- **Task brief**
Your answer should be one number: how many lines of the data include the string "день"?

- **Supplied data**
··········
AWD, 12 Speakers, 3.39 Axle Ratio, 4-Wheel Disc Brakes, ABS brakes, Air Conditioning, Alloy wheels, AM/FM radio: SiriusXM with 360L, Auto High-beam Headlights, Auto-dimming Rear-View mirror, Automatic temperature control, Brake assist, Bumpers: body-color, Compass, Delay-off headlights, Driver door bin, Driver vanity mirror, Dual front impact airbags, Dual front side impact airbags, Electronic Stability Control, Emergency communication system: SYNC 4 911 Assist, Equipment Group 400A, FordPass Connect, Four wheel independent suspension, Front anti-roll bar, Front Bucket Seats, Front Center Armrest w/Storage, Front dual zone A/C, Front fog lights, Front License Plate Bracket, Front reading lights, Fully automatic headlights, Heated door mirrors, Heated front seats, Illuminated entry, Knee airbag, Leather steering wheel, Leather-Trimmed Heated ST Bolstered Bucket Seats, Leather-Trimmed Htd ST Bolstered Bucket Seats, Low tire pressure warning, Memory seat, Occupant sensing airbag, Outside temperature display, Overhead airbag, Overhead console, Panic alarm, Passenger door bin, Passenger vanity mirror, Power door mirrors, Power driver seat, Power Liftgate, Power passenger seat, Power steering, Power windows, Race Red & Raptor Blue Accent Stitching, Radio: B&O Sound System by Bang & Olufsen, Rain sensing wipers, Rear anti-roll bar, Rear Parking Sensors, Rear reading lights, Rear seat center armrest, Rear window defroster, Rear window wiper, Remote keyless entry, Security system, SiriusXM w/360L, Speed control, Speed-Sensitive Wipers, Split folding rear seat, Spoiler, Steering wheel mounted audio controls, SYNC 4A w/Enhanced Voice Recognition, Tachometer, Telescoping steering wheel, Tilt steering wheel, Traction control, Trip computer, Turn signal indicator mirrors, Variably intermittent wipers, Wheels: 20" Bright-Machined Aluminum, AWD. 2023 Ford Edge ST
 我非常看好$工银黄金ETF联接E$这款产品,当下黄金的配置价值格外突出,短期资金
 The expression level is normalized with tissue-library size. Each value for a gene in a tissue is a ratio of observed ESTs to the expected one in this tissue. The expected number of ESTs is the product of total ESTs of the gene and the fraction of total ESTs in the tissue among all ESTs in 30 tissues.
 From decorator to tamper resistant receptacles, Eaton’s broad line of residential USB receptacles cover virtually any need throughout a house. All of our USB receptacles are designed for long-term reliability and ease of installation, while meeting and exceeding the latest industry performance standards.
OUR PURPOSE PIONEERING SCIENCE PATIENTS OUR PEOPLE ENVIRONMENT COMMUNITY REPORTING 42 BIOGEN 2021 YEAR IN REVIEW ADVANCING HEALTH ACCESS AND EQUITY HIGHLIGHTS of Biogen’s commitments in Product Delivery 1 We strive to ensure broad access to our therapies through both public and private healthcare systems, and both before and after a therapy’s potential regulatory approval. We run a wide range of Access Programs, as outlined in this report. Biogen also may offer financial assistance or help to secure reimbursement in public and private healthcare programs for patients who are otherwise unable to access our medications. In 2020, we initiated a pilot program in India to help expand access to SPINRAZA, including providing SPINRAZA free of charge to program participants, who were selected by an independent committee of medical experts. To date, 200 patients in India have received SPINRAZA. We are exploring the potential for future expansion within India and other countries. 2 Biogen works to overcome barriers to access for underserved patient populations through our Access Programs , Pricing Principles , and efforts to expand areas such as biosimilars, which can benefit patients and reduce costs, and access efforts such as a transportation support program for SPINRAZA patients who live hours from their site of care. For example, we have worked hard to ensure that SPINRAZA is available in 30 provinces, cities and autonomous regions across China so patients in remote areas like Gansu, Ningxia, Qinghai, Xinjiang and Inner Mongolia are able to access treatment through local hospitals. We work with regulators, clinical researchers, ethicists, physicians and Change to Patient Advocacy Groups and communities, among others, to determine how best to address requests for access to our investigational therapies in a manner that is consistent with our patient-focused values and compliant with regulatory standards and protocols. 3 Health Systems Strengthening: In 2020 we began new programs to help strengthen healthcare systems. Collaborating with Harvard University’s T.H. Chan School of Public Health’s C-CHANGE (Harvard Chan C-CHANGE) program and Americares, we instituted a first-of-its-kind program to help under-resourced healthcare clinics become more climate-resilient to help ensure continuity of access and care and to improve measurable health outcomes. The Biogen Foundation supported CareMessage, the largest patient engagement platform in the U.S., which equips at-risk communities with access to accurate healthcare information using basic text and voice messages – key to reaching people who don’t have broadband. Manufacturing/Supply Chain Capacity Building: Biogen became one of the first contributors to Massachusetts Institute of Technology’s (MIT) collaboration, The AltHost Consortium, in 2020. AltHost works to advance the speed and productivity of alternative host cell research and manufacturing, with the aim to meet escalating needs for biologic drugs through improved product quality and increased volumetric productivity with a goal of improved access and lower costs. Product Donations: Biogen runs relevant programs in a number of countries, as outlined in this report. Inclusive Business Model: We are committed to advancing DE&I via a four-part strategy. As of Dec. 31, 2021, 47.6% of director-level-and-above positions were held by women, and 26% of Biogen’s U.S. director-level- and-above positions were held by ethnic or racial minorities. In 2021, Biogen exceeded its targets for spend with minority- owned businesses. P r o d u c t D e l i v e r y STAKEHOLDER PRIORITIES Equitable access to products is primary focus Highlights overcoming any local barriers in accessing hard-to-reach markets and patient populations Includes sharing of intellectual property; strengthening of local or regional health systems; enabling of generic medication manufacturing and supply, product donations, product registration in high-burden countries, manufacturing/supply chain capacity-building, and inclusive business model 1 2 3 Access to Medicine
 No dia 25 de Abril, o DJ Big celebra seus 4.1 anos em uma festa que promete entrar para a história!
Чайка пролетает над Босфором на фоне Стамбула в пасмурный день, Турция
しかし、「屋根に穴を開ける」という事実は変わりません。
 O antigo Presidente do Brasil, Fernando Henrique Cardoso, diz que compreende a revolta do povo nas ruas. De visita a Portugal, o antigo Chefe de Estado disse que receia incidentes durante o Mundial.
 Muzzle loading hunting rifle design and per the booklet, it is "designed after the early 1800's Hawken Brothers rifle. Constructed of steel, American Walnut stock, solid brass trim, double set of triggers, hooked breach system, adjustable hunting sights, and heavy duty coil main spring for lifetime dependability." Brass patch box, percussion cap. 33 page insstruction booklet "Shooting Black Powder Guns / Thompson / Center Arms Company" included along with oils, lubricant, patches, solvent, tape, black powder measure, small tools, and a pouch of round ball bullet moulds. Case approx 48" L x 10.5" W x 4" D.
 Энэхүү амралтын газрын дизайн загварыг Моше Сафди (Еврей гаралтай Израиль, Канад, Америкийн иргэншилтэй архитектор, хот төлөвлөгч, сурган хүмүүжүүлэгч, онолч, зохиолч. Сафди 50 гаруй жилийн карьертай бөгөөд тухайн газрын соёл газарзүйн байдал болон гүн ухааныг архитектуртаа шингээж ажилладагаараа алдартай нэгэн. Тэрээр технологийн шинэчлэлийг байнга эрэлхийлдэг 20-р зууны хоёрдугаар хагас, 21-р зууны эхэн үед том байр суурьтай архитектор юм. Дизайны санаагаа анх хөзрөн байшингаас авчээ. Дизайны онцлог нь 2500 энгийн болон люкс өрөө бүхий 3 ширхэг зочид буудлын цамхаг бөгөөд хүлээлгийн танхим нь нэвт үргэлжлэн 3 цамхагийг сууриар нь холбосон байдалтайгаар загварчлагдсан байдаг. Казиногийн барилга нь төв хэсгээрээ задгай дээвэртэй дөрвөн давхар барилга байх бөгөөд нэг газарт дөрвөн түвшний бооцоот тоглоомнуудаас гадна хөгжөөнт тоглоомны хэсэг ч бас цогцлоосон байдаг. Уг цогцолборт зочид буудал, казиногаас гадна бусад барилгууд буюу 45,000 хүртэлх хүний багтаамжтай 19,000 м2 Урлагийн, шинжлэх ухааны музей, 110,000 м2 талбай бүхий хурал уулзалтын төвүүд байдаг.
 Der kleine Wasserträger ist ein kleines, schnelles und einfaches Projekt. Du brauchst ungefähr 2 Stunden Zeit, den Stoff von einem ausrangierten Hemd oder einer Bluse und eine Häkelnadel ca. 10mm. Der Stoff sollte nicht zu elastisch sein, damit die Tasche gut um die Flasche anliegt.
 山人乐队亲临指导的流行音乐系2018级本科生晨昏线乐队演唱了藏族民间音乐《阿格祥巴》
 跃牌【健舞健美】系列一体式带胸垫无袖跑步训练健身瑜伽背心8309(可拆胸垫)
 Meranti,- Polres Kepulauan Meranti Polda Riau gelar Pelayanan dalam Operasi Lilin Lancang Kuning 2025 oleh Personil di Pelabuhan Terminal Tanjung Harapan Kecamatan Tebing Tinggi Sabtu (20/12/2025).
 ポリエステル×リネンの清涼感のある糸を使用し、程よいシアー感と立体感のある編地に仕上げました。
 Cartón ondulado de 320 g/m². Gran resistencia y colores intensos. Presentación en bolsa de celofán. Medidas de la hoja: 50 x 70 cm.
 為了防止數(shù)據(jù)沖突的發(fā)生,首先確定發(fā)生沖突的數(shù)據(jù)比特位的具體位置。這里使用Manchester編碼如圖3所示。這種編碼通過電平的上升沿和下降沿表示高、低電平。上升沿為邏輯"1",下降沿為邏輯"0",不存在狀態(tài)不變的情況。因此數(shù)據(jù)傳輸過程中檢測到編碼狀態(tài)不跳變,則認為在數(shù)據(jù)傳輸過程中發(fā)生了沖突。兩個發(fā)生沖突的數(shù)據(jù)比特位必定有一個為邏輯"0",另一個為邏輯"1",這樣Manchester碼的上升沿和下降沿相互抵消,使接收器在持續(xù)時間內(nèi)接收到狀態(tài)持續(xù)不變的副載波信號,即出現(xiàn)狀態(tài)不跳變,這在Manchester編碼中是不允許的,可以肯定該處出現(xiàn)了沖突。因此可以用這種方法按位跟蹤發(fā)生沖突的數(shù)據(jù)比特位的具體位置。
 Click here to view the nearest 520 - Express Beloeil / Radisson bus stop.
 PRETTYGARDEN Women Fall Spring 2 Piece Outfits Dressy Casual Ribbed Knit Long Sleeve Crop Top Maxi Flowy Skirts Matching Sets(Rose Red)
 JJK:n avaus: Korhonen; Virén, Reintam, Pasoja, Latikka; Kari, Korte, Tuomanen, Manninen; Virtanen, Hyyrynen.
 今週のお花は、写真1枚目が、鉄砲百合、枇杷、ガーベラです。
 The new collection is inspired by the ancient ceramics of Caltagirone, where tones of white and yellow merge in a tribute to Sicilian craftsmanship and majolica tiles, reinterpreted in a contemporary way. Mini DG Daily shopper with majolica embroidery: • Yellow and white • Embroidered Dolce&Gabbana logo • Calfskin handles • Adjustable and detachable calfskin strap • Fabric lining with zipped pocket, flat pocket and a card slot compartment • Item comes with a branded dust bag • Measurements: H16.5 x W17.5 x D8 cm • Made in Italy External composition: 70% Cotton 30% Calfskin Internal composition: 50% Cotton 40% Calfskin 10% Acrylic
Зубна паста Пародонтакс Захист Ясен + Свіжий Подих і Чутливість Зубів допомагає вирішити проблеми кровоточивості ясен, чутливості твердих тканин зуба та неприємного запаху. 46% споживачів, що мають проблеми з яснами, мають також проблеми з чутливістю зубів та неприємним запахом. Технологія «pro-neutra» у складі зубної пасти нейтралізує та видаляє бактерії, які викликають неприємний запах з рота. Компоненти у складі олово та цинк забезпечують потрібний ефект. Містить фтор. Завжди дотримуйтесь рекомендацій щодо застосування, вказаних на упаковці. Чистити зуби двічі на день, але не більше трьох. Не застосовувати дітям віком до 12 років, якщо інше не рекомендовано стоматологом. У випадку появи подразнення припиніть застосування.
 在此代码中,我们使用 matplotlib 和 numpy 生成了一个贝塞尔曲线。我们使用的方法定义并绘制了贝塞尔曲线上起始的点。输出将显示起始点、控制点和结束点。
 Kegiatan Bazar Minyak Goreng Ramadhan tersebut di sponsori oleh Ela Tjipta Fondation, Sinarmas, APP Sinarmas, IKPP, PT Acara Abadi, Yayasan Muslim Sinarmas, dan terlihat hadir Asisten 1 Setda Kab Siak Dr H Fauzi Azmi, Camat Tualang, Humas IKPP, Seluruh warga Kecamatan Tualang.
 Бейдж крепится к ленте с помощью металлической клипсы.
··········
- **Solution for this exercise**
2